> Task
Once you reach the line with "Bu sırada ortamın" in the material below, copy each line exactly up to and including the line with "Huskies, or Shepherds.", and skip the pictures.

> Data for analysis
:::

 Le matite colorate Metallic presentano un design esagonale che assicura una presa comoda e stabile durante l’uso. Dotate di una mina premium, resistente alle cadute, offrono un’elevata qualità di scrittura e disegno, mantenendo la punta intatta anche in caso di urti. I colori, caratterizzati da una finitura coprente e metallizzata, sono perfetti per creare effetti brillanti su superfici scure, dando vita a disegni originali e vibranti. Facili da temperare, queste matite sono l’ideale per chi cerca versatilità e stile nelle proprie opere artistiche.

:::

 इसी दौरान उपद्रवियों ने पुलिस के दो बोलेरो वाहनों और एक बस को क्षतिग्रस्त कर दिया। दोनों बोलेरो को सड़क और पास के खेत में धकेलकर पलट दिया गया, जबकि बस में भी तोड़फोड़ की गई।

:::

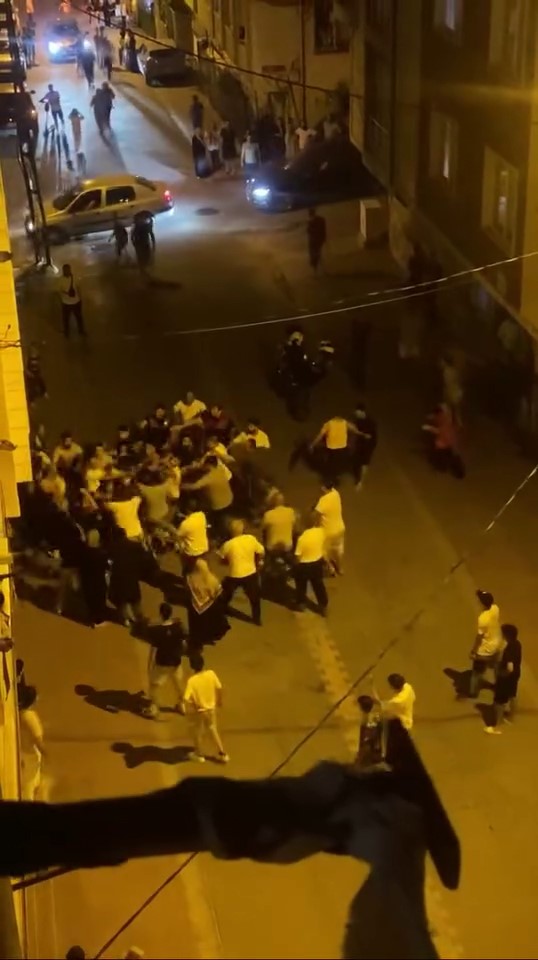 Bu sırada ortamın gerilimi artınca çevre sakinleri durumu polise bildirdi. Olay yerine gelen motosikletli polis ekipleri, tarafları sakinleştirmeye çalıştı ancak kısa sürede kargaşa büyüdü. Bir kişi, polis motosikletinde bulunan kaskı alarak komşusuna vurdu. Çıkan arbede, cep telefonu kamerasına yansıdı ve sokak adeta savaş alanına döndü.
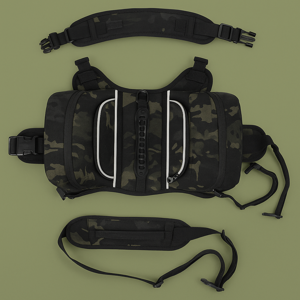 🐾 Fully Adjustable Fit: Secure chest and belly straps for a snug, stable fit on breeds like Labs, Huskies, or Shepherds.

:::

> Response to the task
 Bu sırada ortamın gerilimi artınca çevre sakinleri durumu polise bildirdi. Olay yerine gelen motosikletli polis ekipleri, tarafları sakinleştirmeye çalıştı ancak kısa sürede kargaşa büyüdü. Bir kişi, polis motosikletinde bulunan kaskı alarak komşusuna vurdu. Çıkan arbede, cep telefonu kamerasına yansıdı ve sokak adeta savaş alanına döndü.
 🐾 Fully Adjustable Fit: Secure chest and belly straps for a snug, stable fit on breeds like Labs, Huskies, or Shepherds.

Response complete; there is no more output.